Abstract

When households invest in photovoltaics, they change from being electricity consumers to solar prosumers, a change that is often implied to also positively affect other pro-environmental behaviours. This article presents a comparison between Swedish consumers and prosumers (N = 460), concerning (i) whether consumers and prosumers engage in pro-environmental behaviours for different reasons, and (ii) whether prosumers and consumers differ in their intention to engage in these behaviours and if they find the reasons for doing so differentially motivating. Early and late prosumers are moreover compared to see whether time of investment influenced the reasons to engage in pro-environmental behaviours. The data show that both consumers and prosumers engaged in pro-environmental behaviours for the same reasons: convictions that behaviours contribute to the environment and one's life-quality. Moreover, both prosumers and consumers were more inclined to engage in pro-environmental behaviour when they saw less economic gain in those behaviours. Both groups were also motivated by a perceived moral responsibility and by a high self-assessed awareness of one's electricity consumption and saving possibilities.

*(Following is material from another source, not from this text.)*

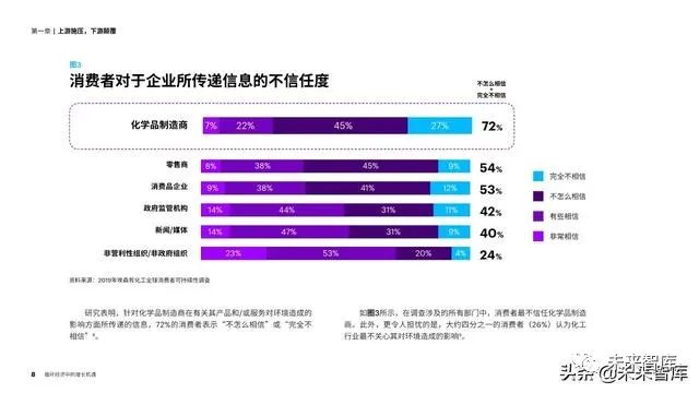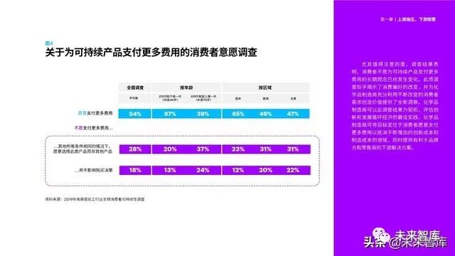 有限的全球资源和人们对可持续发展的日益关注 正在逐步改变全球消费者对于化学品的看法。他们在 社交媒体上呼吁品牌方和零售商采取行动,实行更加 负责任且有益于地球环境的企业管理。同时,他们也 在发挥购买力对企业决策的影响。根据埃森哲对11个 国家/地区的6,000名消费者开展的最新调研表明,超 过一半的消费者表示愿意支付更多费用购买可持续产 品,而且近四分之三(72%)的消费者表示,与五年 前相比,自己现在购买环保产品的可能性更高。
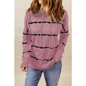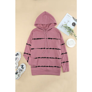 Drawstring Striped Dropped Shoulder Hoodie

Consumers and prosumers, however, differed in the degree to which they were compelled by these reasons: prosumers had higher confidence that pro-environmental behaviours would benefit the environment, improve their comfort and life-quality, they felt more moral responsibility to perform such behaviours and assessed their electricity awareness as higher. This study confirms and identifies systematic differences between consumers and prosumers in their pro-environmental intentions and motivations, and the differences are discussed in terms of initial self-selection and possible spill-over effects.